--- START ---

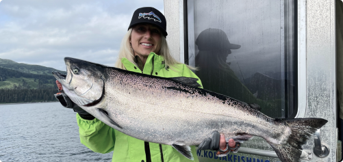 King salmon are the largest of the Pacific salmon species and one of Alaska’s most sought-after fish. They begin arriving in the waters around Raspberry Island as early as May and are most commonly encountered through mid-summer. While kings may still be caught incidentally in August while targeting silver salmon, they are not typically a primary focus at that time due to the wide variety of species available each day.
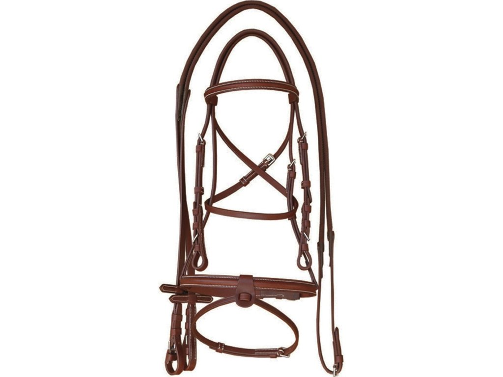 To ogłowie wykonane jest z wysokiej jakości skóry, co czyni je bardzo wytrzymałym. Wyposażone w połączony nachrapnik, pasek krzyżowy można łatwo odpiąć. Ogłowie wygląda bardzo elegancko, ozdobione jest białymi przeszyciami. Dostarczane z gumowymi wodzami. Dostępne w wielu kolorach. Dostępne w rozmiarach Shetland, Pony, Cob i Full.
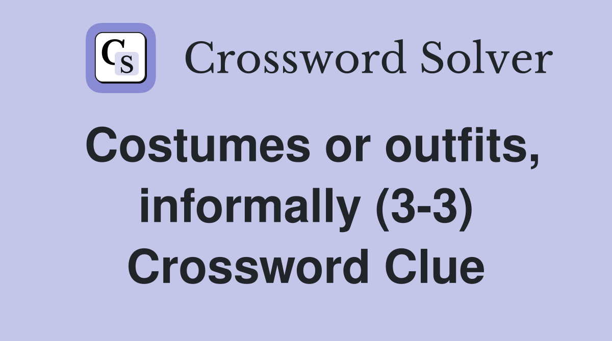 Costumes or outfits informally (3 3) Crossword Clue Answers
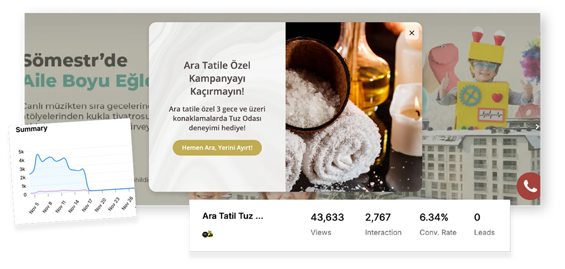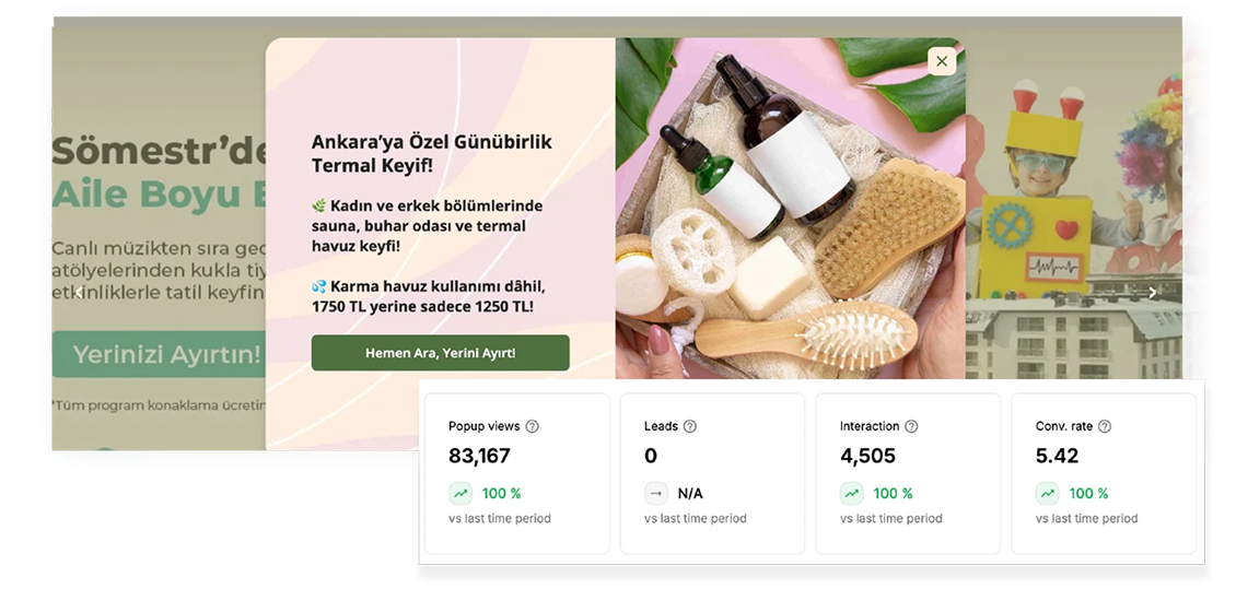 • Lokasyona veya kullanıcı davranışına göre kurgulanan popup'larla rezervasyon yönlendirmesini güçlendirdik.
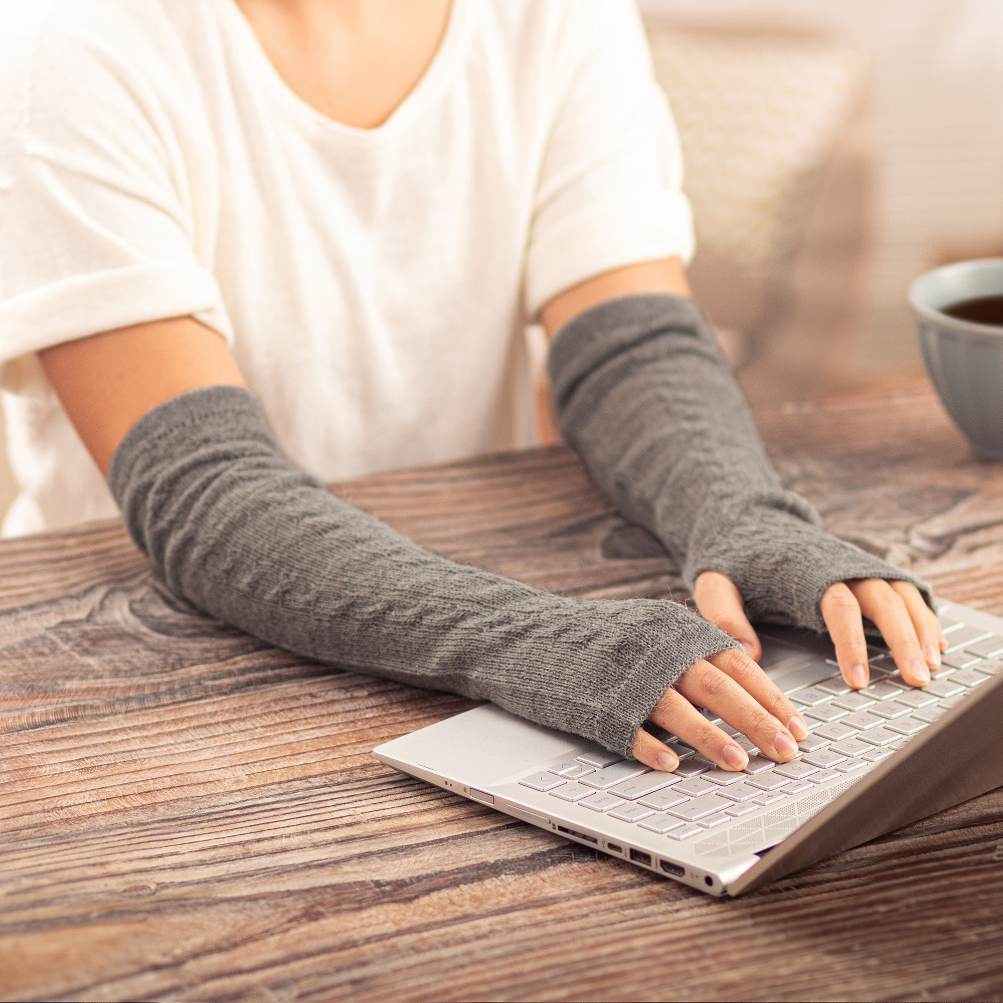 Alfredo Falcon of Peru designs a luxuriously soft pair of long fingerless mitts made of 100% baby alpaca, the fine fleece from the first shearing of the season. In a smoke grey color, the warm and cozy mitts feature a cable knit pattern.
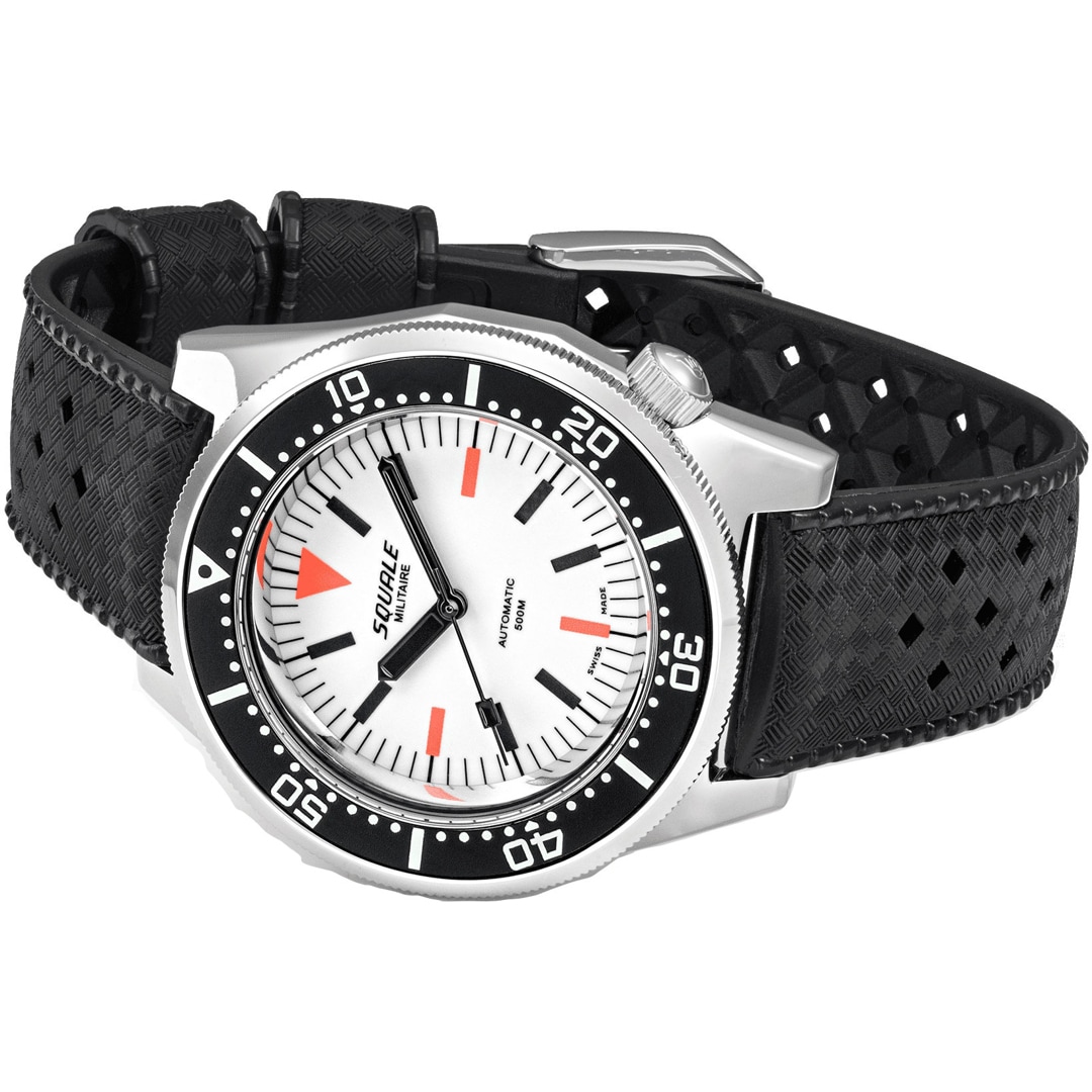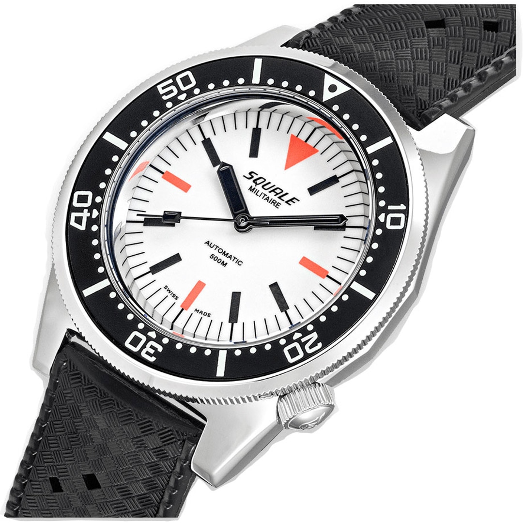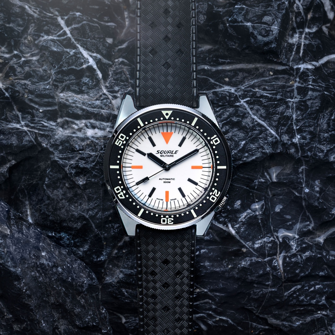 Die tiefe Leidenschaft für das Meer und die Entwicklung professioneller Tauchinstrumente prägen die Marke Squale seit ihrer Gründung im Jahr 1959. Wie der Hai im Logo symbolisieren die Zeitmesser Stärke und Zuverlässigkeit, für welche die Marke seit über 60 Jahren weltweit geschätzt wird. Die Identität von Squale ist untrennbar mit dem Prädikat „Swiss Made“ verbunden, das für höchste handwerkliche Präzision und Qualität steht. Als Ausstatter von Eliteeinheiten wie der italienischen Marina Militare oder der Polizia Italiana sind diese Uhren weit mehr als blosse Accessoires – sie sind funktionale Werkzeuge für Extrembedingungen. Mit einer Mischung aus historischem Erbe und technischer Innovation bleibt Squale ihrem Ziel treu, die Tiefen der Ozeane sicher zu erobern.
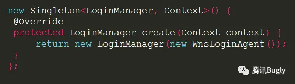 这种方法其实是 3.2 中讨论的单例的继承的情况,为了提高可扩展性,父类的构造函数不再是私有的,导致单例的“唯一性”遭到了破坏。工程的任意处,我调用如下代码,即可以再得到一个 LoginManager:
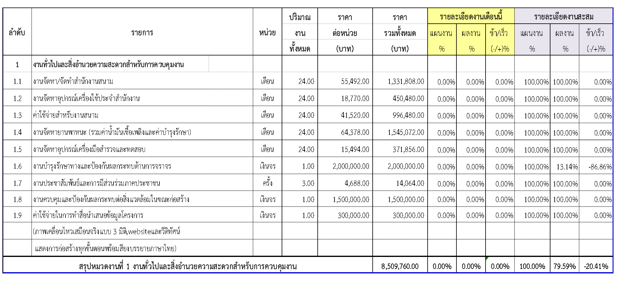 ตารางที่ 2.1-1 สรุปผลงานความก้าวหน้าของงานก่อสร้าง
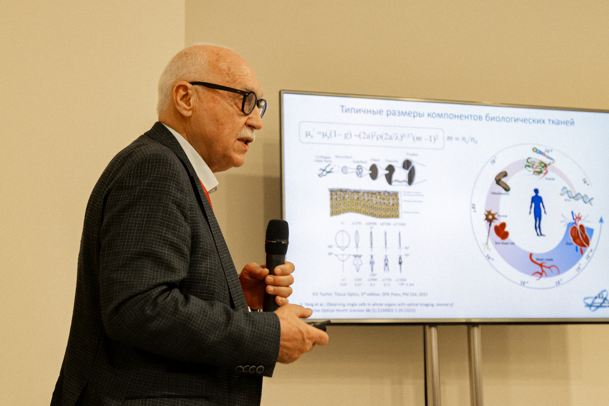 Валерий Викторович представил оптические методы исследования биотканей. В каждой лаборатории учёные-биофотоники работают со спектрометрами, которые измеряют отражённый и прошедший световые сигналы. Более сложные установки позволяют получить детальную информацию о структуре тканей, движении эритроцитов и лимфоцитов; безболезненно «раскладывать» в микроскопическом объёме материал ткани до ионов и атомов. В мире, например, более 150 компаний, которые разрабатывают оптические когерентные томографы, в значительной степени свободные от вредного влияния многократного рассеяния на результаты анализа ткани.
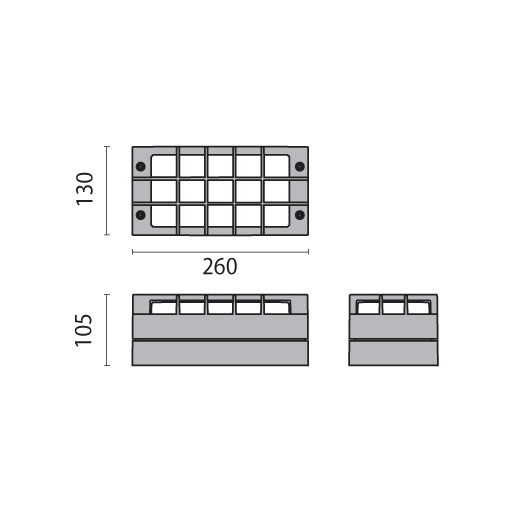 Apparecchio da parete e soffitto, per interni ed esterni, costituito da: Corpo e gabbia in alluminio verniciato / Diffusori in vetro / Guarnizione in EPDM / Viti di chiusura in acciaio inox

--- END ---

# EXERCISE DETAILS
The pictures in the data should be omitted, and every remaining line set down exactly.

# EXERCISE ANSWER
 King salmon are the largest of the Pacific salmon species and one of Alaska’s most sought-after fish. They begin arriving in the waters around Raspberry Island as early as May and are most commonly encountered through mid-summer. While kings may still be caught incidentally in August while targeting silver salmon, they are not typically a primary focus at that time due to the wide variety of species available each day.
 To ogłowie wykonane jest z wysokiej jakości skóry, co czyni je bardzo wytrzymałym. Wyposażone w połączony nachrapnik, pasek krzyżowy można łatwo odpiąć. Ogłowie wygląda bardzo elegancko, ozdobione jest białymi przeszyciami. Dostarczane z gumowymi wodzami. Dostępne w wielu kolorach. Dostępne w rozmiarach Shetland, Pony, Cob i Full.
 Costumes or outfits informally (3 3) Crossword Clue Answers
 • Lokasyona veya kullanıcı davranışına göre kurgulanan popup'larla rezervasyon yönlendirmesini güçlendirdik.
 Alfredo Falcon of Peru designs a luxuriously soft pair of long fingerless mitts made of 100% baby alpaca, the fine fleece from the first shearing of the season. In a smoke grey color, the warm and cozy mitts feature a cable knit pattern.
 Die tiefe Leidenschaft für das Meer und die Entwicklung professioneller Tauchinstrumente prägen die Marke Squale seit ihrer Gründung im Jahr 1959. Wie der Hai im Logo symbolisieren die Zeitmesser Stärke und Zuverlässigkeit, für welche die Marke seit über 60 Jahren weltweit geschätzt wird. Die Identität von Squale ist untrennbar mit dem Prädikat „Swiss Made“ verbunden, das für höchste handwerkliche Präzision und Qualität steht. Als Ausstatter von Eliteeinheiten wie der italienischen Marina Militare oder der Polizia Italiana sind diese Uhren weit mehr als blosse Accessoires – sie sind funktionale Werkzeuge für Extrembedingungen. Mit einer Mischung aus historischem Erbe und technischer Innovation bleibt Squale ihrem Ziel treu, die Tiefen der Ozeane sicher zu erobern.
 这种方法其实是 3.2 中讨论的单例的继承的情况,为了提高可扩展性,父类的构造函数不再是私有的,导致单例的“唯一性”遭到了破坏。工程的任意处,我调用如下代码,即可以再得到一个 LoginManager:
 ตารางที่ 2.1-1 สรุปผลงานความก้าวหน้าของงานก่อสร้าง
 Валерий Викторович представил оптические методы исследования биотканей. В каждой лаборатории учёные-биофотоники работают со спектрометрами, которые измеряют отражённый и прошедший световые сигналы. Более сложные установки позволяют получить детальную информацию о структуре тканей, движении эритроцитов и лимфоцитов; безболезненно «раскладывать» в микроскопическом объёме материал ткани до ионов и атомов. В мире, например, более 150 компаний, которые разрабатывают оптические когерентные томографы, в значительной степени свободные от вредного влияния многократного рассеяния на результаты анализа ткани.
 Apparecchio da parete e soffitto, per interni ed esterni, costituito da: Corpo e gabbia in alluminio verniciato / Diffusori in vetro / Guarnizione in EPDM / Viti di chiusura in acciaio inox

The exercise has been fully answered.